Campo Largo fica em 2º lugar em campanha estadual de prevenção à dengue

A Prefeitura de Campo Largo vem se destacando na prevenção e no combate à dengue. O Município ficou em segundo lugar na categoria Individual - Agentes de Saúde, unidade Sesc Portão, na campanha “Aqui o mosquito não entra!”, do Sesc PR. A disputa virtual teve 11.309 participantes em todo o Paraná.
A Divisão de Vigilância em Saúde Ambiental registrou no site da campanha locais do foco e criadouro do mosquito Aedes aegypti e da eliminação dos focos no município, garantindo o resultado de destaque.
Essa é a terceira edição da campanha do Sesc PR que também inclui ações educativas, com a divulgação de informações sobre medidas de prevenção, como identificar potenciais criadouros do agente transmissor e sintomas da doença.
Combate
Em Campo Largo, somente em 2023, já foram notificados 93 suspeitas de casos de dengue, sendo 25 positivos. Um alerta para os Agentes de Combate às Endemias (ACEs) que realizam todos os dias ações de eliminação de focos e orientações sobre como evitar os criadouros, mas principalmente para a população que não pode “baixar a guarda”.

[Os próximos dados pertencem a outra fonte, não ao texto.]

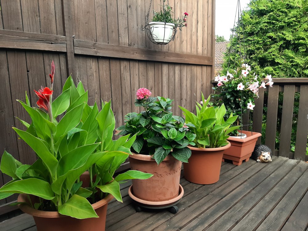У нас канны (ближние к объективу) решились всё-же зацвести. Красные начали, жёлтые ещё не готовы (дальние).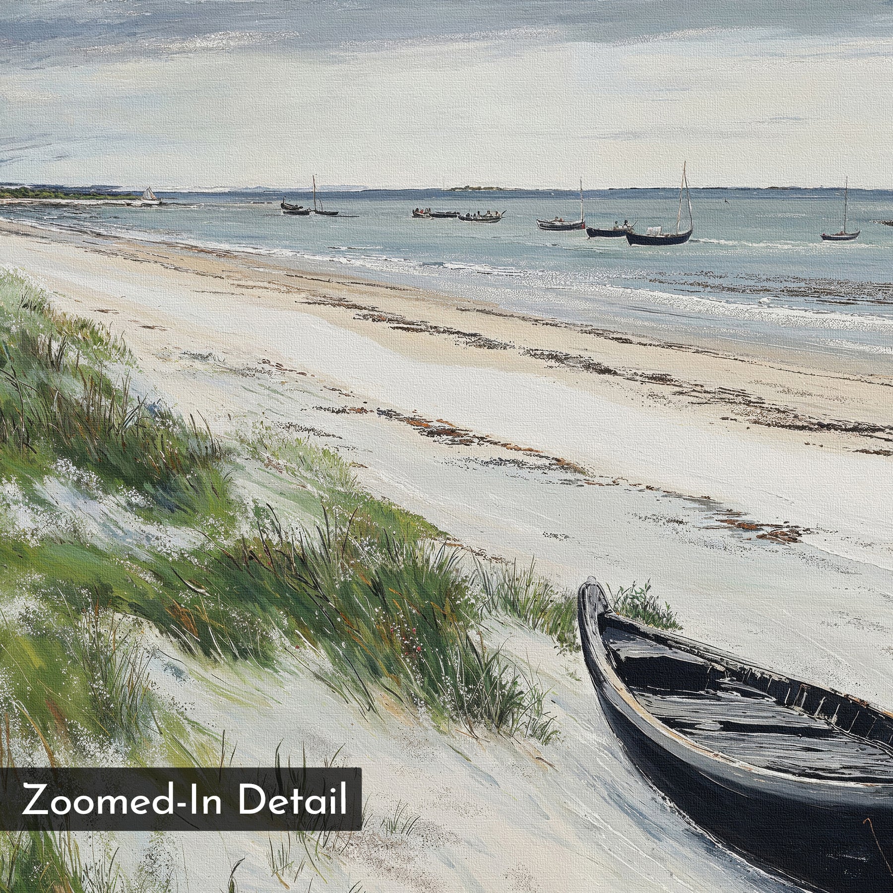 Zoomed-In Detail: Lonely Coast Canvas Art features a sandy beach with grassy dunes, a black wooden boat on the shore, and sailboats on calm blue water beneath a cloudy sky—perfect tranquil wall art.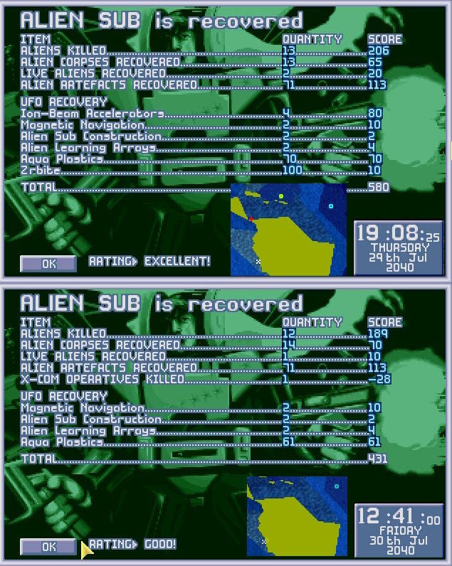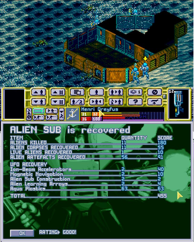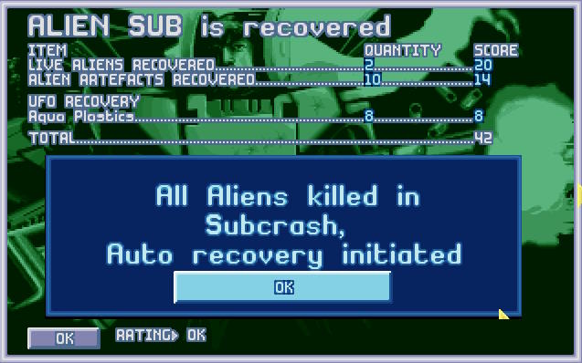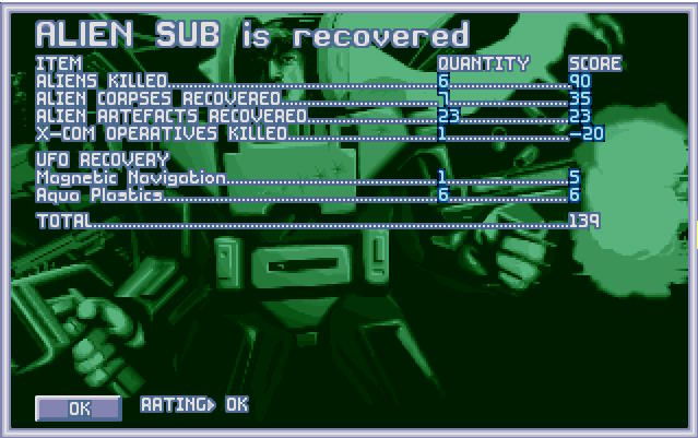 Obcy zażarcie bronili swojego wraku, ale X-COMowi udało się przełamać ich obronę. Niemniej ceną było życie dwóch kolejnych aquanautów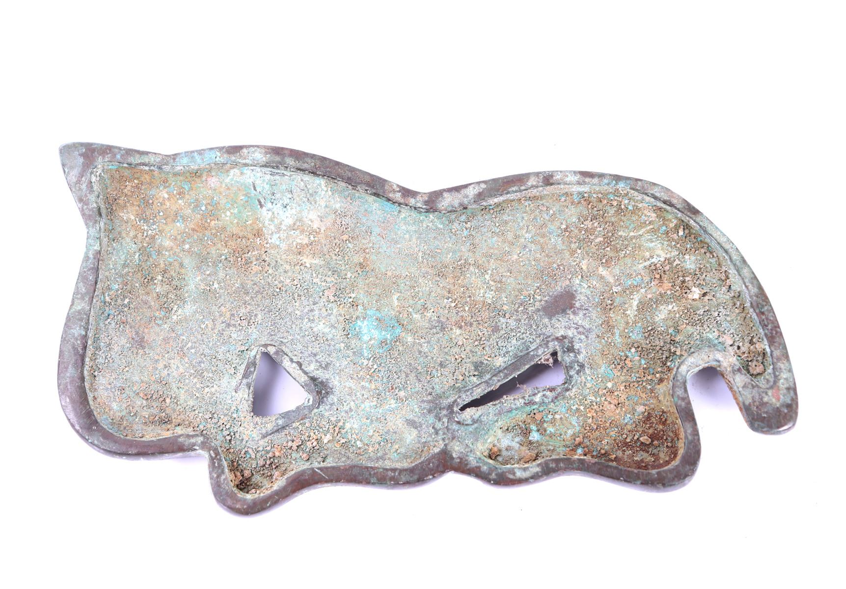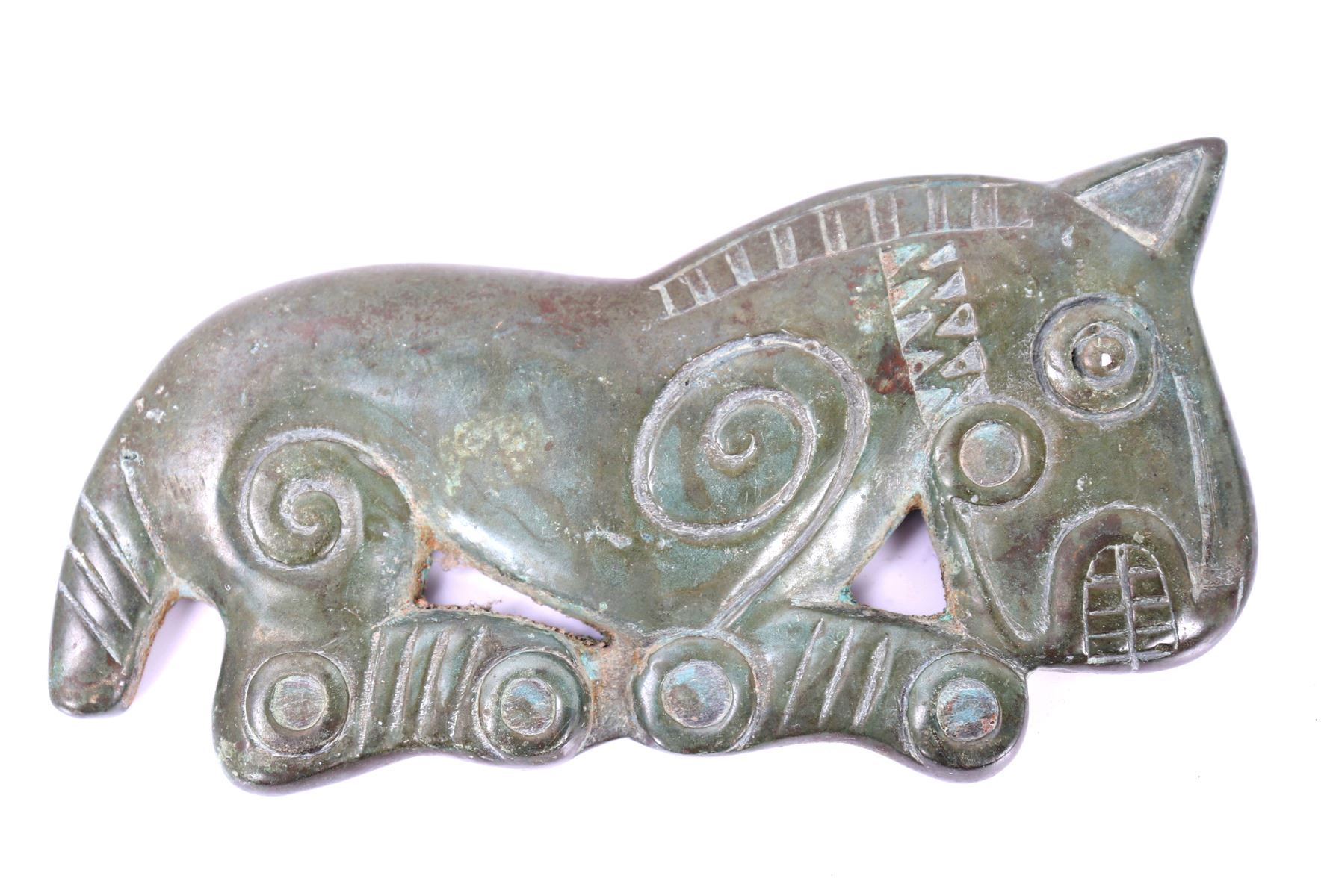 Chinese bronze archaistic horse plaque. The horse is depicted seated with his teeth showing, incised details to his main, wearing a horse bit, and incised designs to his legs, with a twisted bobbed tail. Size 4 1/2" L x 2" W, weight 168g. Condition: Good overall condition.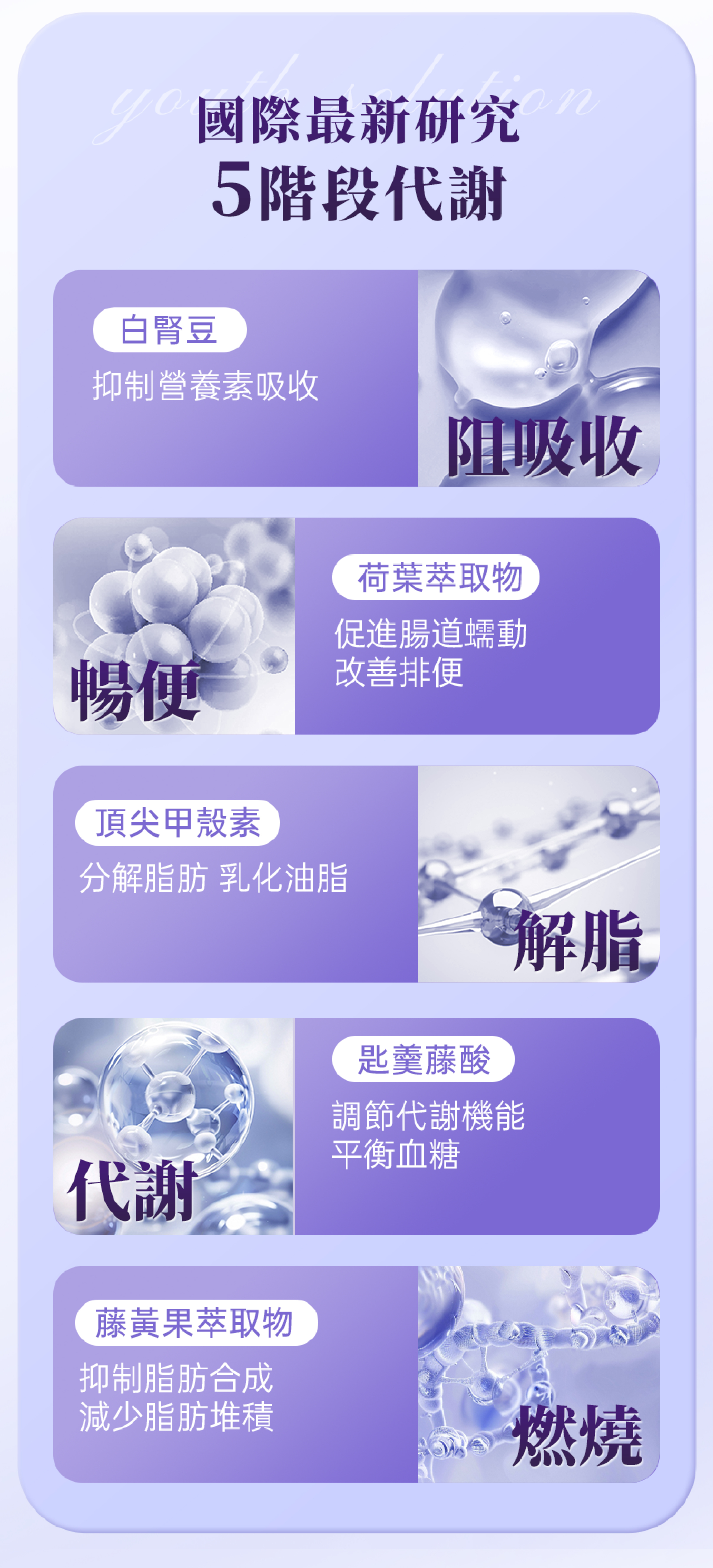 2. 解脂:幫助分解體內多餘脂肪,減少脂肪堆積。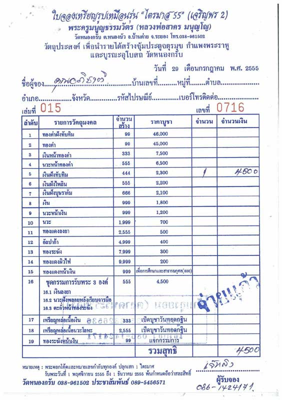 เป็นใบจองจากตลาดพระที่ระยอง ร้านเจ้หญิง ครับต้องการให้ส่งใบจองหรือส่งพระหลังออกพรรษาก็ได้ครับ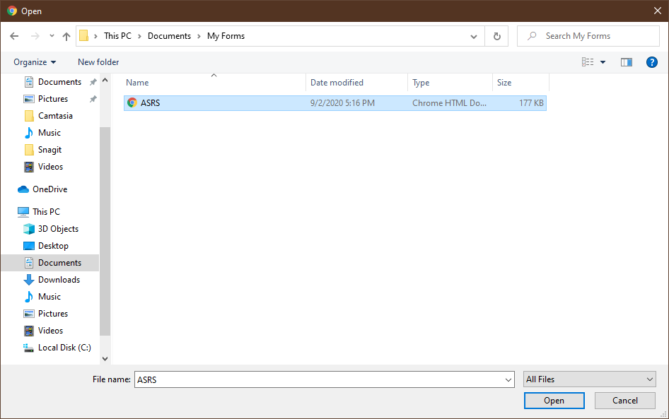 Once you've chosen a folder, you would click on to find the form you'd like to upload on your local computer:
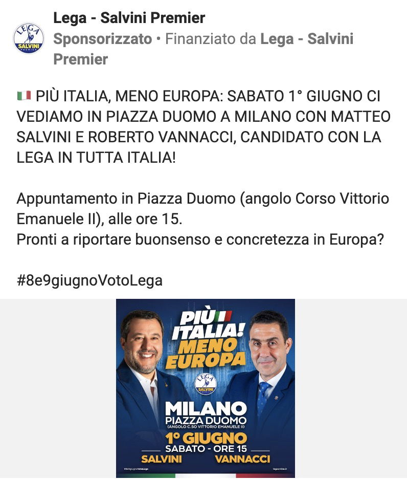 Per quel che riguarda la strategia, considerando che il partito (Lega) ha investito molti più soldi in inserzioni rispetto al leader (la pagina Facebook di Salvini), ci sono state delle scelte piuttosto singolari. Rispetto al passato, i contenuti sponsorizzati non sono card con proclami elettorali, ma soprattutto inviti ai comizi di piazza e – soprattutto – alla partecipazione agli eventi per la presentazione del libro scritto dal Segretario del Carroccio.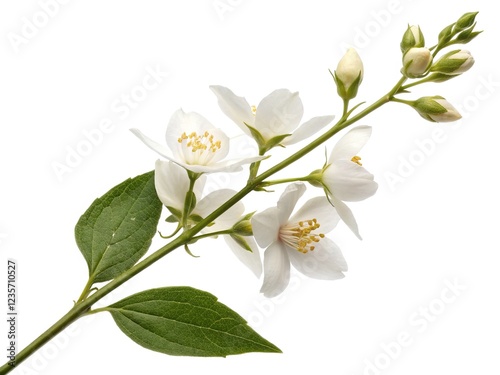 Fototapeta premium White jasmine flower stem, isolated against a plain background, demonstrating...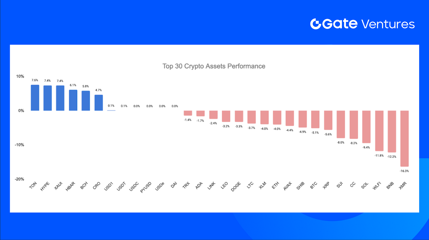 Trong top 30 tiền điện tử theo vốn hóa, giá giảm trung bình 2,8%, TON, HYPE và XAUt dẫn đầu tăng trưởng.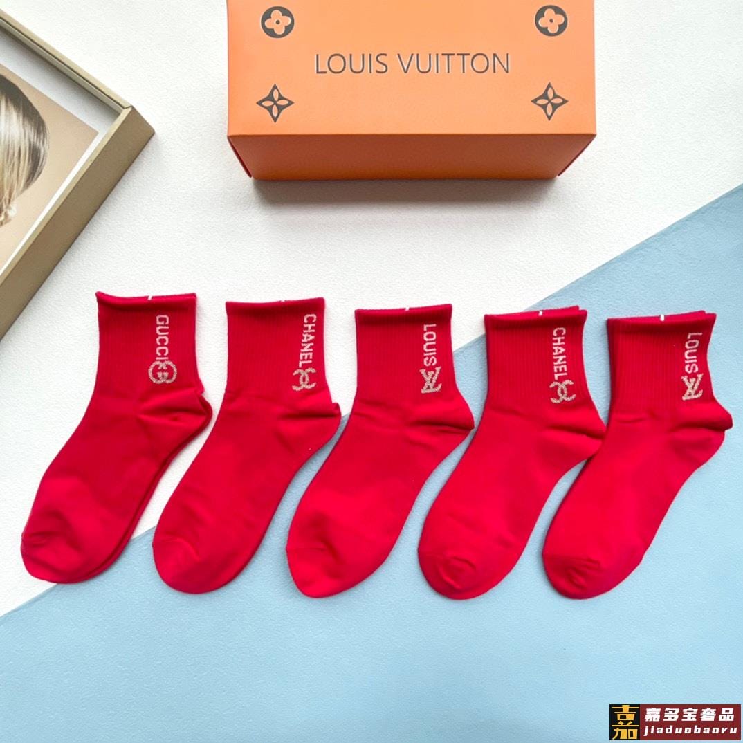 配包装一盒五双路易威登过年红红火火爆款中筒筒袜高版本好看到爆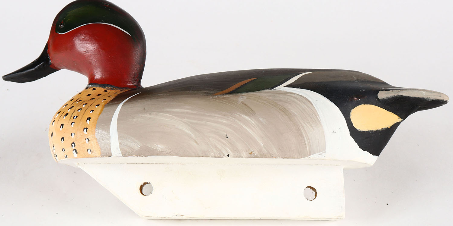 Greenwing Teal Drake by Bill William Goenne, King City, CA, glass eyes, hollow wood, original paint, structurally excellent, branded WRG on bottom. Grade: Excellent + - Value: 100 to 200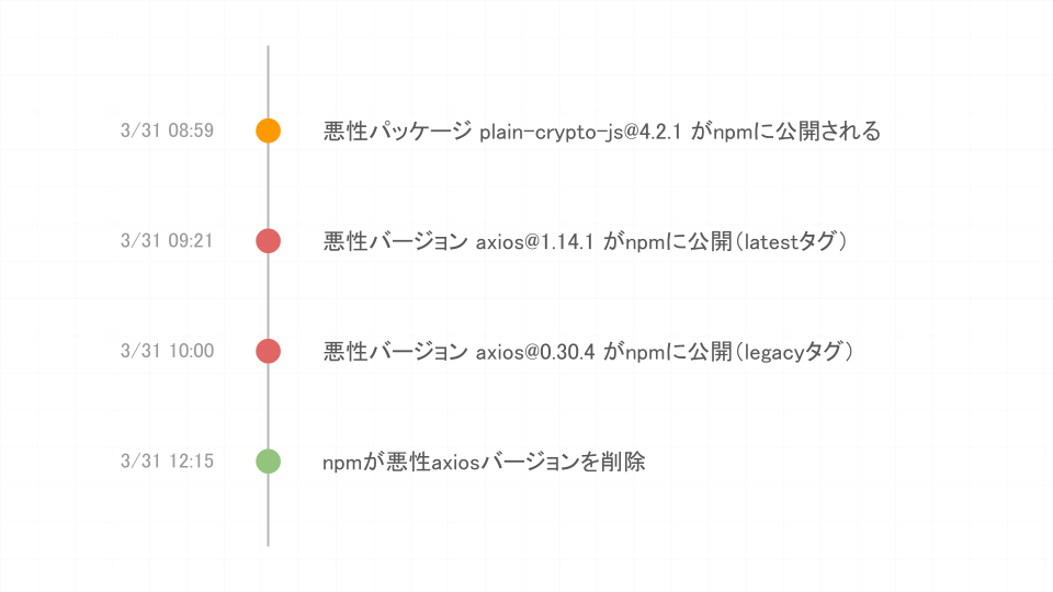 一連のインシデントは日本時間の3月31日の9時ごろから12時ごろに終了しました。悪性の「axios@1.14.1」の露出時間は約2時間53分、「axios@0.30.4」は約2時間15分と推定されます。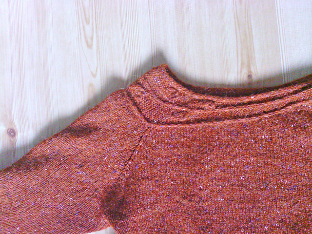 Модель: Sprig by Alana Dakos. паттерн достался мне на халяву пиратским образом - в конце прошлого года я рассорилась и разошлась с некоей вязальной группой, и в качество мелкой мести скачала их архив. чисто на всякий случай :))))) случайно его рассматривая, обнаружила там книгу Аланы Дакос "Botanical Knits", а в ней несколько прекрасных проектов. выбрала "Сприг", т.к. к этой пряже просилось что-то простенькое, но с изюминкой. изюминкой стали ворот и манжеты, которые вязались отдельно, но всё же не пришивались, а ввязывались в процессе закрытия.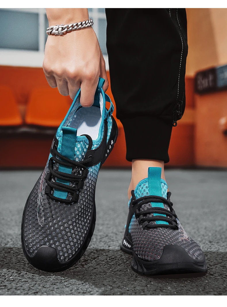 Injection molding summer new breathable mesh surface flying woven shoes sneakers for men -702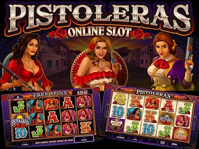 Pistoleras online pokie goes one step ahead and features three cowgirls. But it is the game logo that is the wild symbol with a 3x multiplier property. The wagon symbol awards up to 25 free spins in which all payouts are tripled. The three pistoleras appear stacked on the reels in this feature. In the Saloon Bonus feature on the second screen you shoot at targets in a saloon. When you uncover three of the same girl you win the bounty on her head.
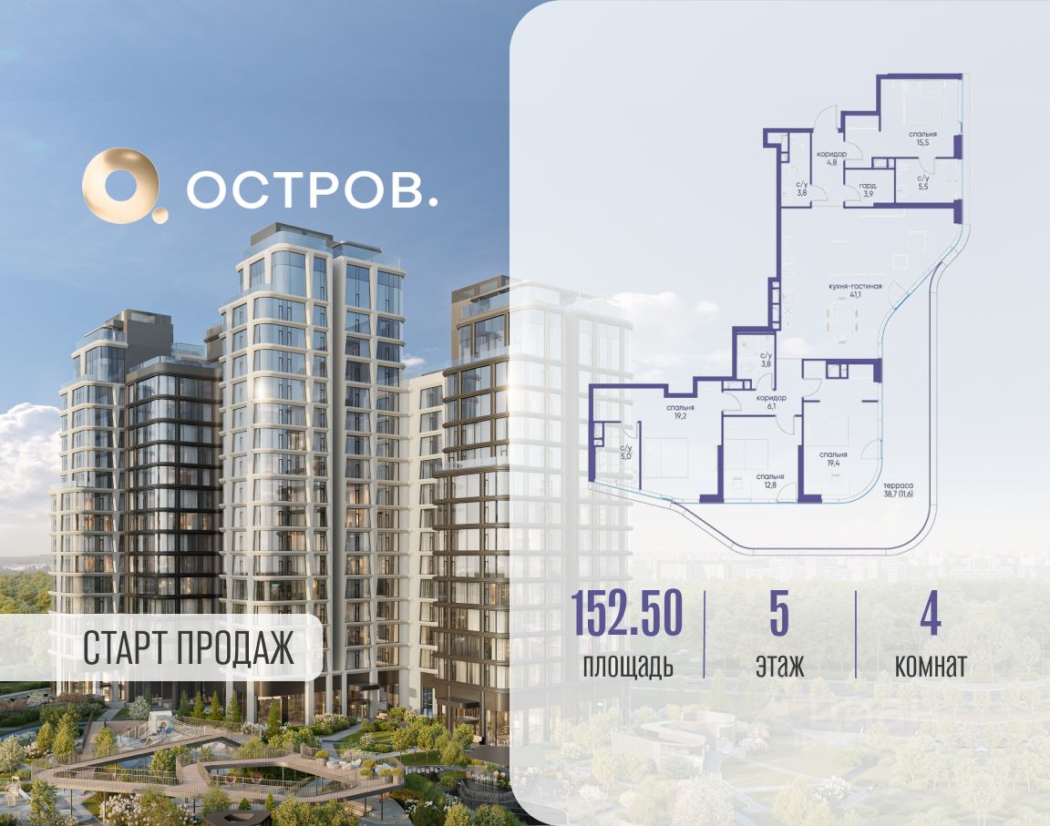 Продаётся 4-комн. квартира от застройщика: общая площадь 152.50 м², жилая 66.90 м², кухня 41.10 м², 5-й этаж, жилой квартал "Остров 12", корпус 3 (секция 1). Срок сдачи: 1 квартал 2029 года.

“Ficamos muitos felizes com o segundo lugar, trazendo para o município uma medalha que demonstra o trabalho realizado pelos nossos Agentes de Combate às Endemias”, declarou a diretora da Vigilância em Saúde, Viviane Moretti. “É muito gratificante ter o nosso trabalho reconhecido. Essa campanha é fundamental para sensibilizar a população e os Agentes para a importância do trabalho realizado”, completou a Chefe da Vigilância em Saúde Ambiental do município, Claudenice Marques da Silveira.
Monitoramento

Os casos suspeitos ou confirmados das arboviroses (Dengue, Zika e Chikungunya), quando notificados, são visitados pelos ACEs, e os trabalhos ficam ainda mais intensos nos bairros que tiveram casos positivos. Uma investigação imediata é feita pelos ACEs, pela definição de um raio, a partir de onde está o paciente. Isso é para verificar se há alguma larva do mosquito, ou se há risco de transmissão, neste espaço ao redor, baseado na distância que o mosquito costuma percorrer. Esse trabalho visa minimizar o risco de algum mosquito transmissor picar o paciente positivo e acabar transmitindo para os demais moradores da região, evitando que o ciclo de transmissão seja sustentado no município.
Também segundo a Vigilância Ambiental, diariamente a equipe de ACEs desloca-se para Levantamento de Índice, ou seja, eles visitam um percentual de imóveis do município para procurar focos e fazer as orientações cabíveis. Além disso, também é feito um monitoramento de pontos estratégicos. São selecionadas empresas (principalmente na beira de estradas) que, em suas atividades, podem ter ambiente favorável para o trânsito e manutenção de larvas do mosquito. Por exemplo, transportadoras que podem ter água parada em lonas ou em produtos estocados.
Os Agentes Comunitários de Saúde (ACSs) também auxiliam na orientação à população e na observação de possíveis criadouros. Por isso, é importante que as pessoas os recebam. De casa em casa, dia após dia, a visita costuma ser rápida, só para ajudar a verificar se há possíveis focos do mosquito.